La tele,
el otro día, en uno de mis encierros:
Le
preguntaban a la gitana holandesa que por qué había dejado de vivir en una casa
(Su
marido le compró una casa, y ella pintó de verde agua la cocina, puso cojines
de brocado en la sala, y colocó cantos dorados y cisnes bañados de plata en los
baños).
¿Por qué volvió a su caravana móvil?
¿Qué le hacía falta?
“La
libertad”, respondió.
***
Pienso
en esto en la mañana, cuando me subo al bus ya en Quito.
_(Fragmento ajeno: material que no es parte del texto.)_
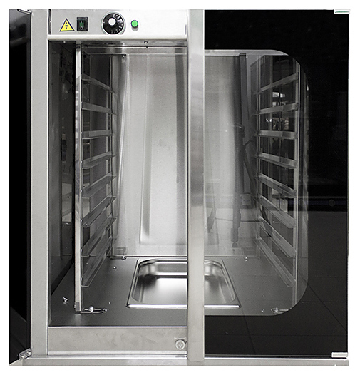 Расстоечный шкаф Пищевые Технологии ШР-930-8 К используется в пекарнях, кондитерских, на предприятиях общественного питания и торговли для расстойки тестовых заготовок, в процессе которой тесто увеличивается в объеме и приобретает ровную поверхность, восстанавливается его пористость. Корпус и камера выполнены из нержавеющей стали, дверцы - из стекла.
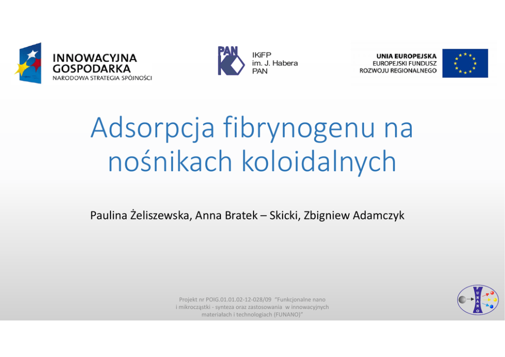 IKiFP im. J. Habera PAN Adsorpcja fibrynogenu na nośnikach koloidalnych Paulina Żeliszewska, Anna Bratek – Skicki, Zbigniew Adamczyk Projekt nr POIG.01.01.02‐12‐028/09 “Funkcjonalne nano i mikrocząstki ‐ synteza oraz zastosowania w innowacyjnych materiałach i technologiach (FUNANO)” F U N A N O Znaczenie fibrynogenu Fibrin polymerization Projekt nr POIG.01.01.02‐12‐028/09 “Funkcjonalne nano i mikrocząstki ‐ synteza oraz zastosowania w innowacyjnych materiałach i technologiach (FUNANO)” Cel pracy Określenie mechanizmu adsorpcji fibrynogenu na cząstkach koloidalnych Projekt nr POIG.01.01.02‐12‐028/09 “Funkcjonalne nano i mikrocząstki ‐ synteza oraz zastosowania w innowacyjnych materiałach i technologiach (FUNANO)” Modele cząsteczki fibrynogenu Projekt nr POIG.01.01.02‐12‐028/09 “Funkcjonalne nano i mikrocząstki ‐ synteza oraz zastosowania w innowacyjnych materiałach i technologiach (FUNANO)” Metody eksperymentalne Spekrofotometr UV‐VIS Charakterystyka w roztworze: Zetasizer Nano ZS from Malvern: o ruchliwość elektroforetyczna o współczynnik dyfuzji Charakterystyka na powierzchni: Mikroskop sił atomowych Monowarstwa fibrynogenu Cząstki lateksu Projekt nr POIG.01.01.02‐12‐028/09 “Funkcjonalne nano i mikrocząstki ‐ synteza oraz zastosowania w innowacyjnych materiałach i technologiach (FUNANO)” Gęstościomierz Charakterystyka fibrynogenu w roztworze 1 2 i.e.p. = 5.8 3 1‐ 10‐3M 2‐ 10‐2M 3‐ 0.15M Projekt nr POIG.01.01.02‐12‐028/09 “Funkcjonalne nano i mikrocząstki ‐ synteza oraz zastosowania w innowacyjnych materiałach i technologiach (FUNANO)” Charakterystyka cząstek lateksu L800 polistyrenowego Zależność potencjału zeta od pH Zależność średnicy hydrodynamicznej od siły jonowej I = 10‐3M Projekt nr POIG.01.01.02‐12‐028/09 “Funkcjonalne nano i mikrocząstki ‐ synteza oraz zastosowania w innowacyjnych materiałach i technologiach (FUNANO)” I = 10‐2M I = 0.15M Schemat metodyki badawczej Projekt nr POIG.01.01.02‐12‐028/09 “Funkcjonalne nano i mikrocząstki ‐ synteza oraz zastosowania w innowacyjnych materiałach i technologiach (FUNANO)” Adsorpcja fibrynogenu na lateksie (I=0.15M) ‐ pomiary elektrokinetyczne pH=3.5 pH=7.4 model elektrokinetyczny 3D Projekt nr POIG.01.01.02‐12‐028/09 “Funkcjonalne nano i mikrocząstki ‐ synteza oraz zastosowania w innowacyjnych materiałach i technologiach (FUNANO)” Wyznaczenie maksymalnego pokrycia fibrynogenu na lateksie (0.15M NaCl) – metoda AFM pH=3.5 pH=7.4 model RSA model RSA Projekt nr POIG.01.01.02‐12‐028/09 “Funkcjonalne nano i mikrocząstki ‐ synteza oraz zastosowania w innowacyjnych materiałach i technologiach (FUNANO)” Adsorpcja fibrynogenu na lateksie kationowym (A800) (pH=7.4) Charakterystyka dodatniego lateksu I=0.15M NaCl, pH=7.4 model 3D 1‐ 10‐2M 2‐ 10‐3M 3‐ 0.15M Projekt nr POIG.01.01.02‐12‐028/09 “Funkcjonalne nano i mikrocząstki ‐ synteza oraz zastosowania w innowacyjnych materiałach i technologiach (FUNANO)” Wyznaczenie maksymalnego pokrycia fibrynogenu na lateksie kationowym (A800) (pH=7.4) 10‐3M, Γ=0.6 mg/m2 I=0.15M NaCl 10‐2M, Γ=1.1 mg/m2 0.15M, Γ=1.3 mg/m2 model RSA Projekt nr POIG.01.01.02‐12‐028/09 “Funkcjonalne nano i mikrocząstki ‐ synteza oraz zastosowania w innowacyjnych materiałach i technologiach (FUNANO)” Zależność maksymalnego pokrycia fibrynogenu na lateksie anionowym (L800) od siły jonowej (pH=3.5) 3D RSA model Fibrinogen monolayer (simulations) I = 10‐3M I = 0.15M Projekt nr POIG.01.01.02‐12‐028/09 “Funkcjonalne nano i mikrocząstki ‐ synteza oraz zastosowania w innowacyjnych materiałach i technologiach (FUNANO)” 60nm Maksymalne pokrycia fibrynogenu na lateksie L800 i A800 pH 3.5 7.4 7.4 Siła jonowa Maksymalne pokrycie [mg m‐2] AFM Teoria RSA [M] Lateks anionowy L800 10‐3 1.8+/‐0.2 1.8 10‐2 2.5+/‐0.2 2.8 0.15 3.6+/‐0.2 3.7 1.9+/‐0.2 2.0 10‐3 2.7+/‐0.2 2.8 10‐2 0.15 3.2+/‐0.2 3.0 Lateks kationowy A800 10‐3 0.6+/‐0.1 0.65 10‐2 1.2+/‐0.1 1.12 0.15 1.3+/‐0.1 1.29 Projekt nr POIG.01.01.02‐12‐028/09 “Funkcjonalne nano i mikrocząstki ‐ synteza oraz zastosowania w innowacyjnych materiałach i technologiach (FUNANO)” Stabilność monowarstw fibrynogenu na cząstkach lateksowych I = 0.15M, pH=3.5 adsorption Adsorpcja pH=7.4 pH reversal pH=3.5 1‐ 0.15M NaCl, Γ = 3.2 [mg m‐2] 2‐ 10‐2M NaCl, Γ = 2.7 [mg m‐2] 3‐ 10‐3M NACl, Γ = 1.9 [mg m‐2] 1‐ bulk fibrinogen 2‐ Γ=3.5 mg/m2 3‐ Γ=2mg/m2 Projekt nr POIG.01.01.02‐12‐028/09 “Funkcjonalne nano i mikrocząstki ‐ synteza oraz zastosowania w innowacyjnych materiałach i technologiach (FUNANO)” Wnioski • Określono mechanizmy adsorpcji fibrynogenu na powierzchniach cząstek lateksowych przy pomocy metod elektrokinetycznych, AFM i DLS. • Wyniki eksperymentalne potwierdzają decydującą rolę oddziaływań elektrostatycznych na mechanizmy adsorpcji zgodne z modelem RSA oraz modelem elektrokinetycznym. • Na podstawie przeprowadzonych badań można opracować procedurę tworzenia monowarstw fibrynogenu o określonej orientacji i pokryciu. Projekt nr POIG.01.01.02‐12‐028/09 “Funkcjonalne nano i mikrocząstki ‐ synteza oraz zastosowania w innowacyjnych materiałach i technologiach (FUNANO)” Dziękuję za uwagę Projekt nr POIG.01.01.02‐12‐028/09 “Funkcjonalne nano i mikrocząstki ‐ synteza oraz zastosowania w innowacyjnych materiałach i technologiach (FUNANO)”

Otra vez rodeada de
bultos y bolsos, y maquillaje a medio hacer y de cepillos redondos que alisan
flequillos ochenteros. Es el fin del mundo dirían.
Pero no
es tan así.
A mi
alrededor (fuera del bus, claro) veo chalecos de funcionarios y veo
identificaciones electrónicas. Pite y pase, para poder entrar al reino de su
preferencia. Ya saben, en donde hemos elegido convertirnos en hombres grises.
Porque
Quito se ha vuelto la capital mundial de los hombres grises. Esos fumadores
compulsivos, compradores de Ipads, mordedores de uñas, agitadores de traje del
Mall, que esperan el fin de semana para gastar los dólares que se ganan
asintiendo, esperando, yendo, toreando las
maquiaveladas de los compañeros de trabajo y de los enemigos del jefe,
sonriendo a las cámaras, siempre triunfadores. Siempre jóvenes, siempre cool, siempre de farra. Huairapamushcas
que ya no se suben al transporte público.
Y yo
también de alguna manera estoy en la danza de los grises, en esta ciudad andina
que parece perfecta para novela negra inglesa. Pero triunfamos, compañeros,
triunfamos, porque pagaremos la hipoteca y mantendremos a nuestra mascota y a
un par de guaguas. Somos parte de la maquinaria de la felicidad que nos vende
dólares para poder vivir como en teleserie gringa (con risas grabadas incluidas).
Porque
siempre decimos que sí.
Porque
callamos cuando vemos.
Porque saltamos de un puente si Él nos los pide (y ese Él tiene muchas caras).
Porque
no nos hacemos problemas, porque nos gusta tomarnos la selfie con los panas el
fin de semana.
Porque decidir nos asusta. Nos asusta dejar la comodidad de que Él piense por
nosotros.
Porque
la libertad es directamente proporcional
a la tarjeta de crédito.
Solo
cumplimos órdenes.
Porque
somos buenas personas, carajo.
***
Y ahí me
pregunto si de verdad somos buenas personas. Si tal vez pienso demasiado. Si
tal vez soy demasiado jodida y difícil y no entiendo y no puedo, y no me
adapto.
Pero cierro
los ojos y me doy cuenta que eso es lo que quieren; eso es lo que trabajan día a día en las maquinarias: que la perversidad sea normalidad.
Renunciar
a ser gris es no tener nombre, pero no tener nombre significa también no tener
nada.
Y no
tener nada, significa tener todo.
Y eso se parece mucho a la libertad.